* RECORDS FOR THE TASK
*** Begin section ***

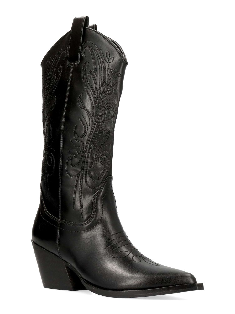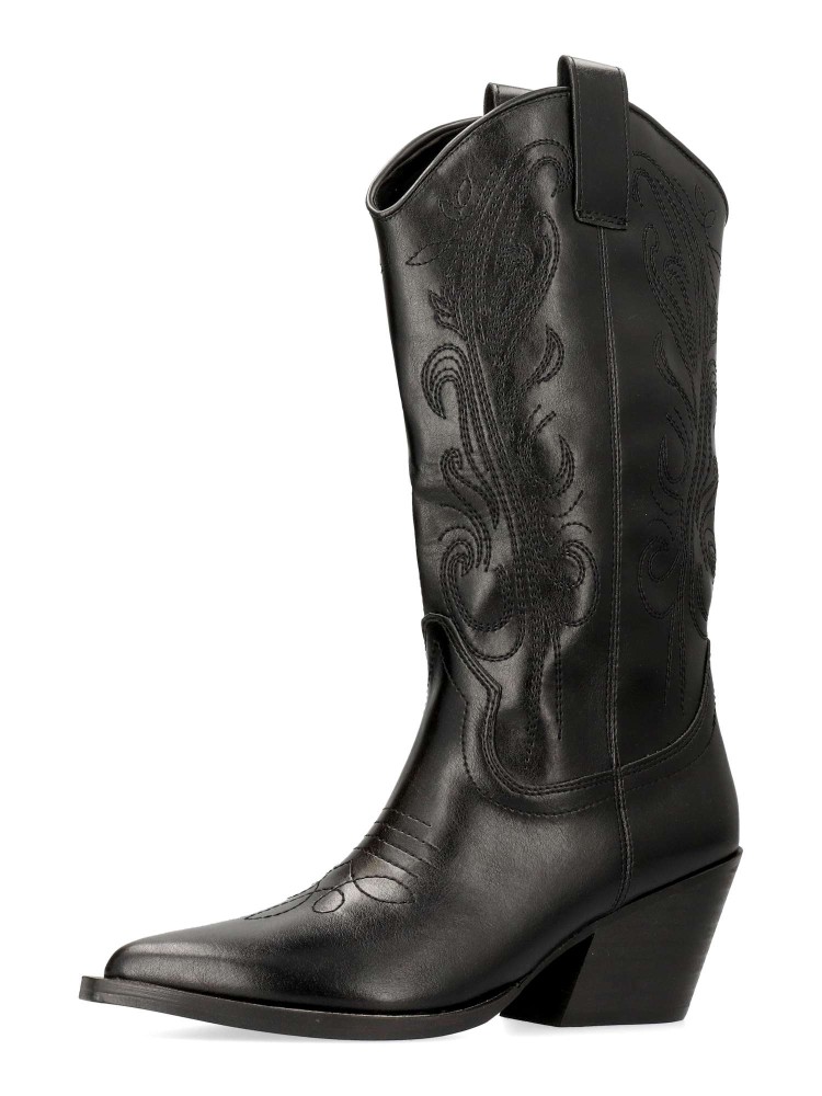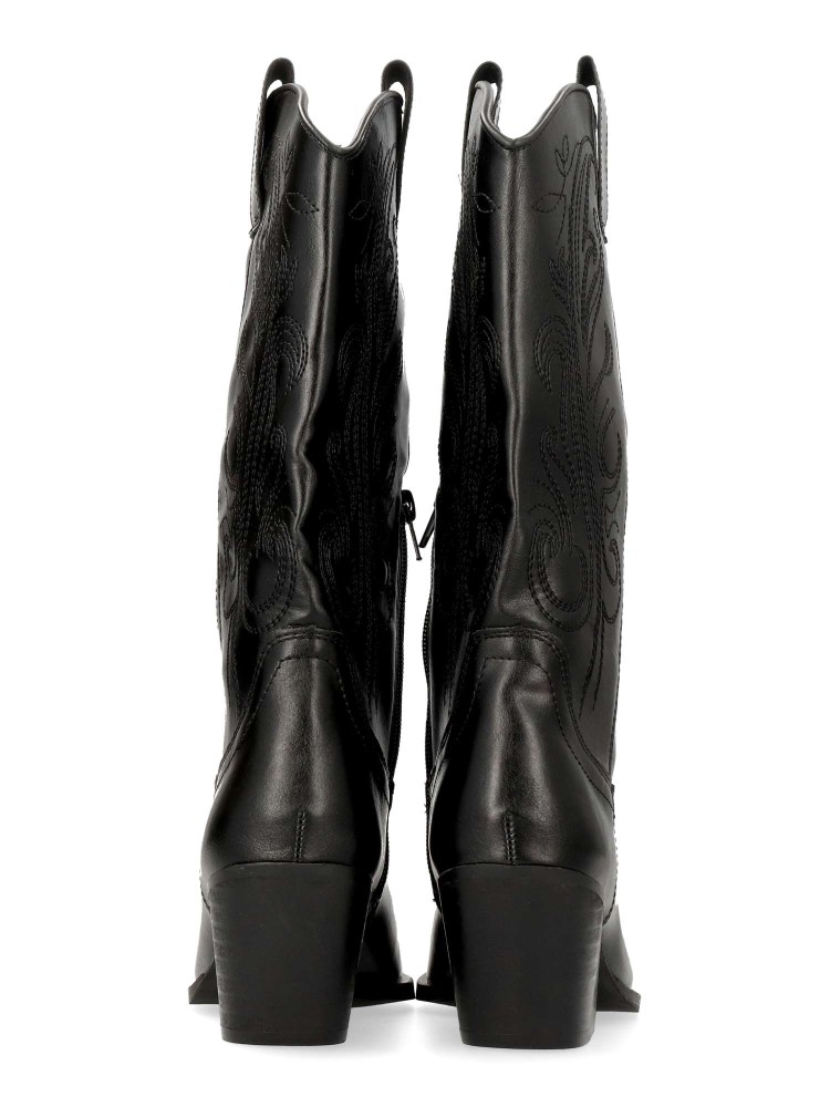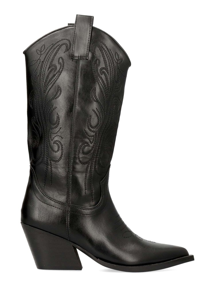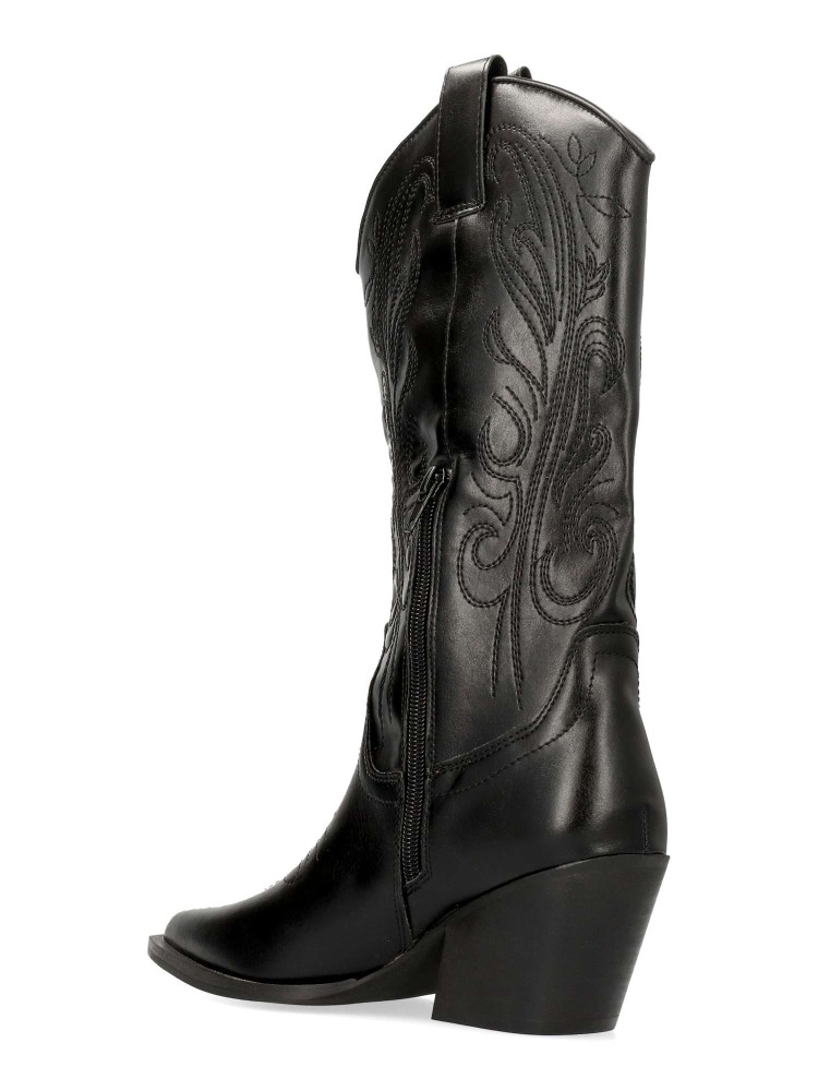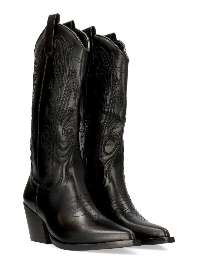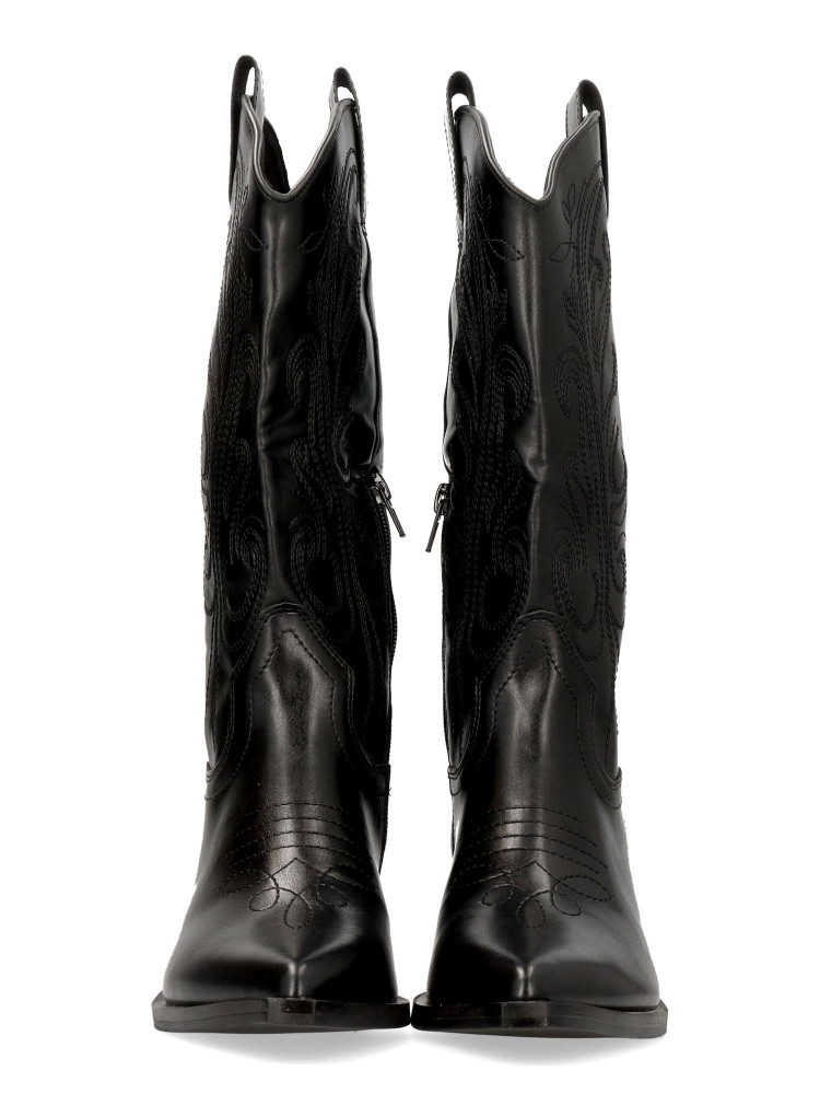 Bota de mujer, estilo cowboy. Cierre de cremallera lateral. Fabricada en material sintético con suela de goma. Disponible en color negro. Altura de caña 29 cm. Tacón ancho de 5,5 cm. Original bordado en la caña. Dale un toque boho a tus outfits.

*** End section ***
*** Begin section ***

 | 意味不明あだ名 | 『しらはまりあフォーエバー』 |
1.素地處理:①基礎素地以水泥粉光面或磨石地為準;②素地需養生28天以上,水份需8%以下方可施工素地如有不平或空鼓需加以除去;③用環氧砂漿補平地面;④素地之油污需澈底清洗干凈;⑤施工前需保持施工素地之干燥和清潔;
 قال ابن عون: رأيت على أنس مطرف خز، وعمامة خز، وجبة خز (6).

*** End section ***

Write out exactly the lines above from the line with "意味不明あだ名 | 『しらはまりあフォーエバー』 |" through the line with "قال ابن عون: رأيت", both of them included, and leave out all other lines.

 | 意味不明あだ名 | 『しらはまりあフォーエバー』 |
1.素地處理:①基礎素地以水泥粉光面或磨石地為準;②素地需養生28天以上,水份需8%以下方可施工素地如有不平或空鼓需加以除去;③用環氧砂漿補平地面;④素地之油污需澈底清洗干凈;⑤施工前需保持施工素地之干燥和清潔;
 قال ابن عون: رأيت على أنس مطرف خز، وعمامة خز، وجبة خز (6).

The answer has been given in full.